Can human adipose tissue be reproduced in a laboratory? It can now, thanks to a research team with members from Inserm, CNRS, Université Toulouse III-Paul-Sabatier, the French Blood Establishment (EFS) and the National Veterinary School of Toulouse (ENVT) working together at STROMALab. This team used 3D culture to develop adipose tissue organoids (or adipospheres) – small cellular units that mimic the characteristics and organization of adipose tissue as it presents in vivo. In their article, published in Scientific Reports, the researchers describe the various stages of the experimental conditions needed to obtain these adipospheres from human cells. An innovation that could make it possible not just to study diseases related to the impaired functioning of this tissue, such as obesity and type 2 diabetes, but also to develop new drugs to treat them.

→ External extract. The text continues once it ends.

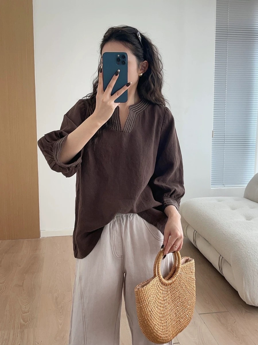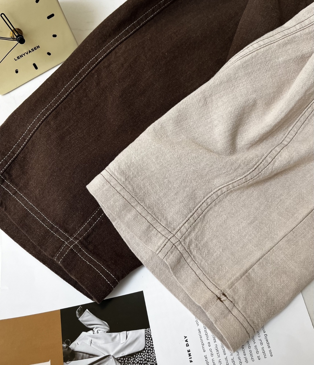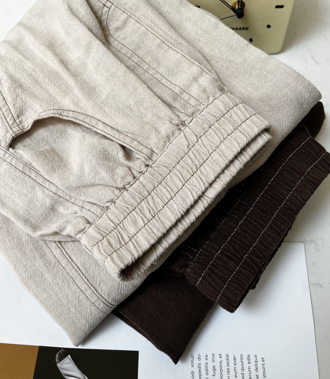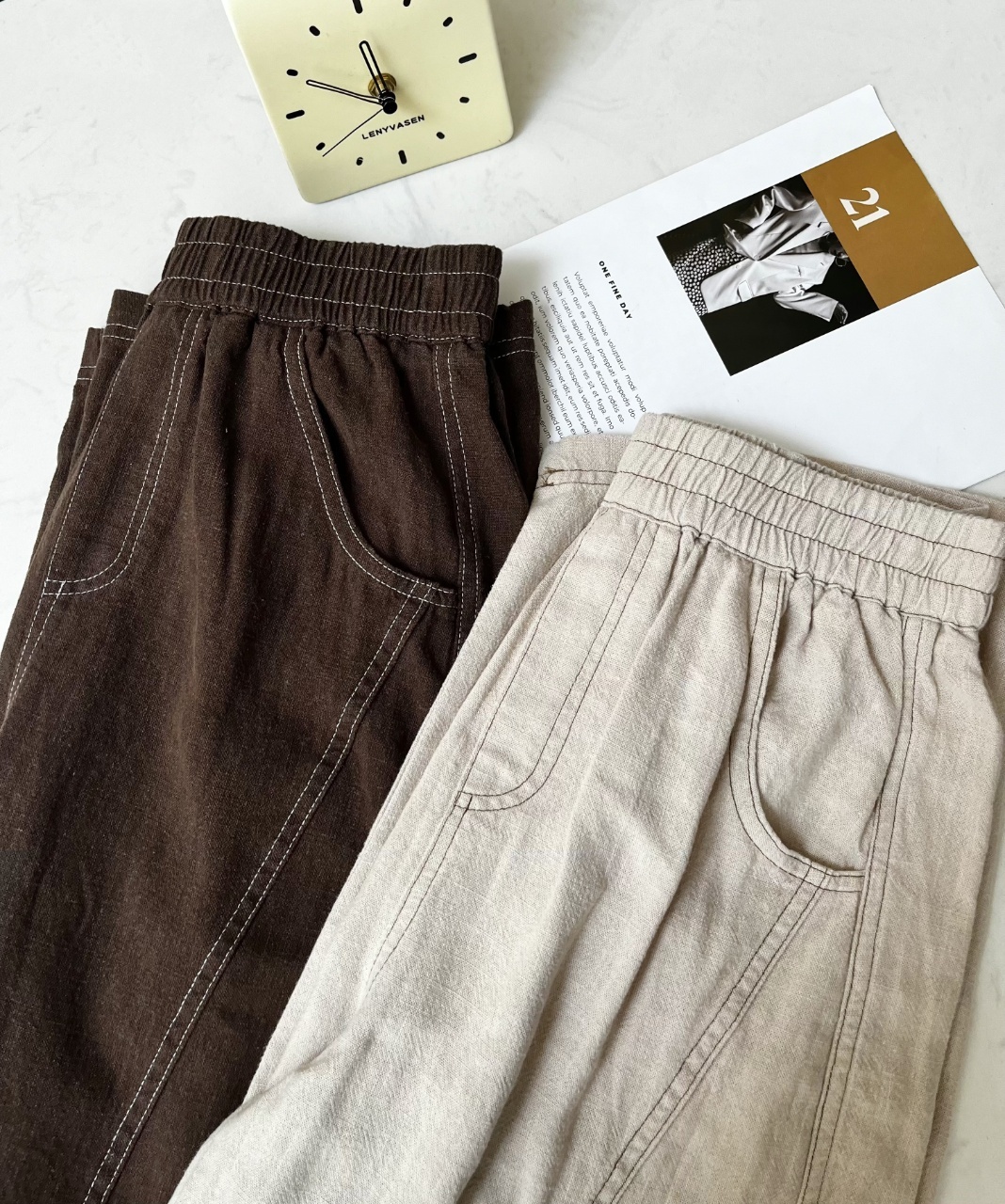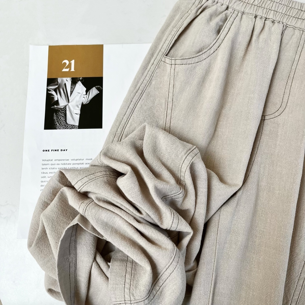 爆款3-7天发货!cosAcosB天丝苎麻撞色线松紧弯刀阔腿裤2124
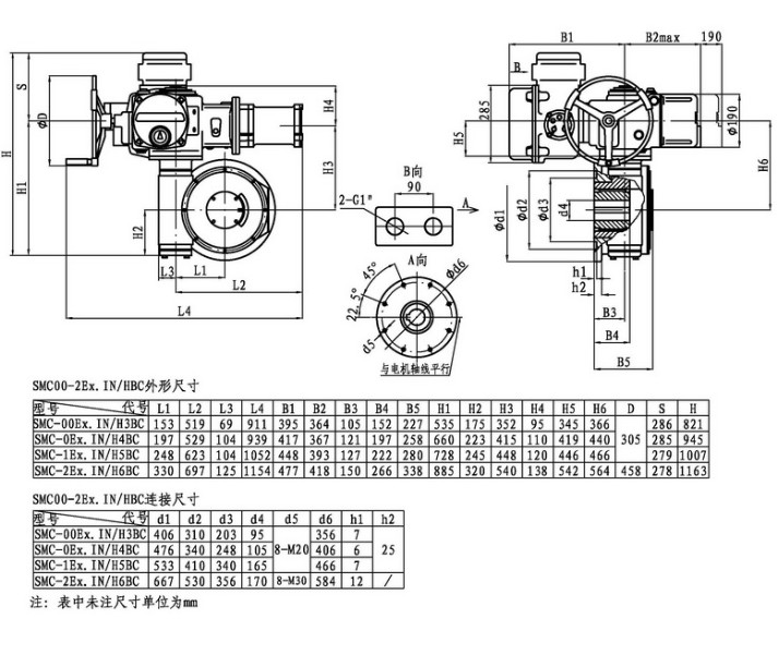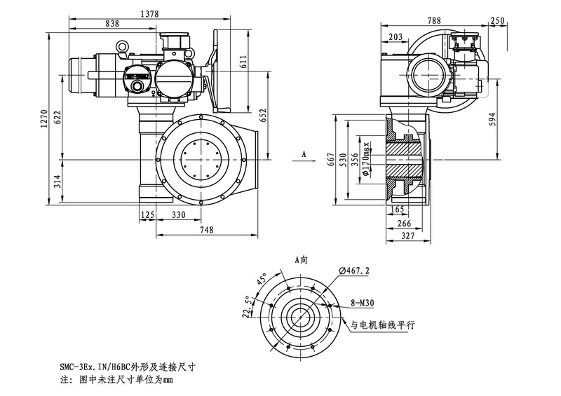 SMC/HBC系列電動裝置是SMC系列多回轉(zhuǎn)電動裝置與HBC蝸輪減速器的組合型式,它適合球閥、蝶閥等部分回轉(zhuǎn)閥門的驅(qū)動控制。SMC/HBC電動裝置具有以下特點:結(jié)構(gòu)設計堅固可靠,產(chǎn)品規(guī)格齊全,驅(qū)動轉(zhuǎn)矩范圍大且動力輸出穩(wěn)定, 具有良好的自鎖性能。 HBC輸出軸結(jié)構(gòu)獨特,裝有與閥桿連接的漸開線花鍵接頭,產(chǎn)品的安裝調(diào)試方便。

Human adipose tissue, highly vascularized by a network of capillaries, is made up of fat cells known as adipocytes. Until now, laboratory researchers used 2D models that did not take into account the 3D architecture of this tissue as found in the human body.
Mini organs, which are known as organoids and capable of reproducing the cellular organization of a specific organ, have already been developed for some tissues, such as that of the intestine. However, none had been able to reproduce in 3D the cellular and vascular organization of the adipose tissue in a laboratory setting.
However, this is now possible thanks to researchers from Inserm, CNRS, Université Toulouse III-Paul-Sabatier, the French Blood Establishment (EFS) and the National Veterinary School of Toulouse (ENVT) working together at STROMALab. Thanks to the advent of the new 3D cell culture methods, the control of the selection and characterization of adipose tissue stromal cells (support cells), the team was able to develop organoids of this tissue, called adipospheres.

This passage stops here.